Matching donations to help fund STEM facility
Article By: Denise Ray
The University of North Georgia's (UNG) College of Science & Mathematics is raising funds for a new science, technology, engineering, and mathematics (STEM) building. Housed on UNG's Dahlonega Campus, the building will be home to the college's four departments, facilitating a synergistic STEM learning environment.
Alumni Stewart Swanson, '85, and Carol Swanson, '86, have pledged to match every gift received from faculty or staff based on the Dahlonega Campus with $1,000, up to a total of $250,000. The aim is that with large private donations in hand for UNG, the University System of Georgia will fund the remaining cost of the building, should the need arise.
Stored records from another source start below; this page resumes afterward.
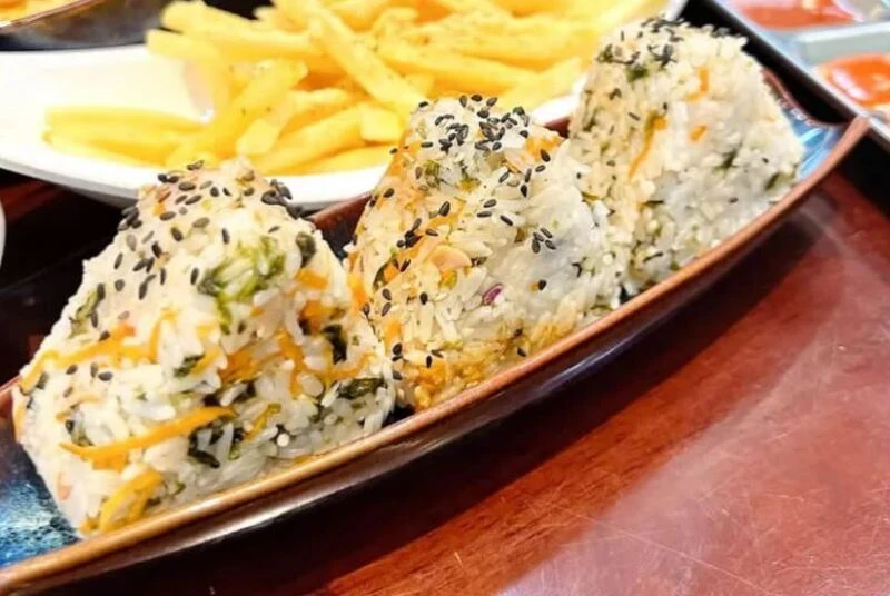 Nếu bạn thuộc team "xôi thịt", thích cơm nắm là phải có nhân bên trong mới đã, thì ghé ngay Korea Chicken House. Quán không chỉ nổi tiếng về gà rán mà còn nâng tầm món cơm nắm với phần nhân được chế biến cầu kỳ như một món chính thu nhỏ, đảm bảo ăn là no căng bụng.
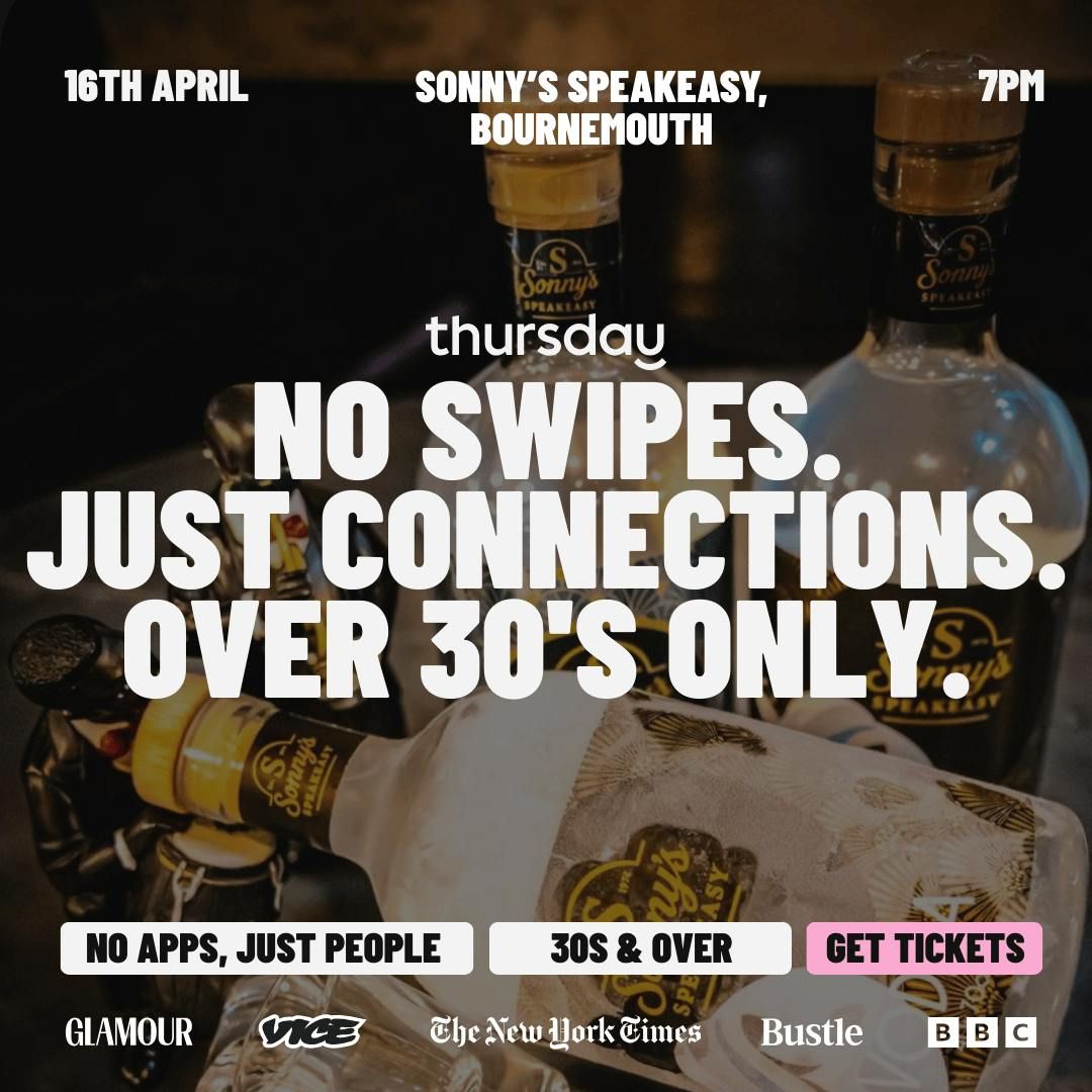 Just a bar, everyone single. Because the world in 2026 is all about meeting IRL, not on dating apps!Hello Bournemouth! It’s always a delight to see you! The gorgeous Thursday Singles are going back to Sonny's Speakeasy, and taking over on the 16th of April for a romantic, fun-filled evening. This time, the event is for over 30’s only!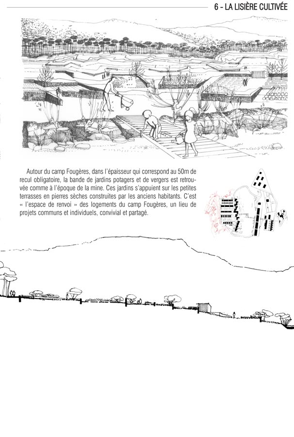 Autour du Camp Fougères, la lisière cultivée (6) est une bande de 50M d’épaisseur constituée de jardins potagers et de vergers. Ceux-ci s’appuient sur les terrasses vernaculaires construites par les mineurs-jardiniers de l’époque. Pour les habitants, c’est un lieu convivial et partagé, support de projets communs ou individuels.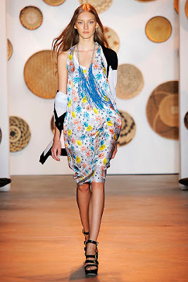Above, from Chado Ralph Rucci. I didn't care for the rest of the collection very much, but this asymmetrical print intrigued me so much. I couldn't figure out what it was until I saw a similar print in another outfit:

In a nod to the history of UNG, a donation of $18.73 or more will have the donor's name appear on the "Giving Wall" inside the future building, courtesy of the UNG Foundation.
"UNG and the College of Science & Mathematics are grateful for the opportunity afforded to us by Stewart and Carol Swanson," Dr. John Leyba, dean of the College of Science & Mathematics, said. "With the help of their generous matching gift along with gifts from our faculty and staff, we will get closer to realizing our dream of a state-of-the-art STEM facility. This wonderful new building will change the lives of future generations of UNG students."
With the help of their generous matching gift along with gifts from our faculty and staff, we will get closer to realizing our dream of a state-of-the-art STEM facility.
Dr. John Leyba
College of Science & Mathematics dean
The project is featured in the spring's ONEUNG crowdfunding campaign, which runs through April 30.
The new STEM building will not only serve UNG's STEM majors, but all UNG students who are based on the Dahlonega Campus since all students graduating from UNG must complete one or more math course and at least two lab-based science courses. Thus, the new STEM building will be an educational destination for all Dahlonega students and will provide flexible immersive spaces needed for effective student engagement.The new facility the new STEM building will help produce high-quality graduates who are well-positioned to go directly into the workforce, attend professional or graduate schools and/or join the U.S. military.
Active learning classrooms with movable furniture and abundant writing surfaces, monitors, and projection screens will be featured in the new building to allow for a wide variety of teaching approaches. The new building will have flexible laboratory space that can be used for multidisciplinary studies, eliminating the inefficiency of discipline-specific laboratories, and research space.
Since 1947, Rogers Hall has been home to numerous STEM faculty, staff, and students with the departments of Chemistry & Biochemistry and Physics & Astronomy. The Department of Biology is housed in the Health and Natural Sciences Building. The Newton Oakes Center is home to the Department of Mathematics.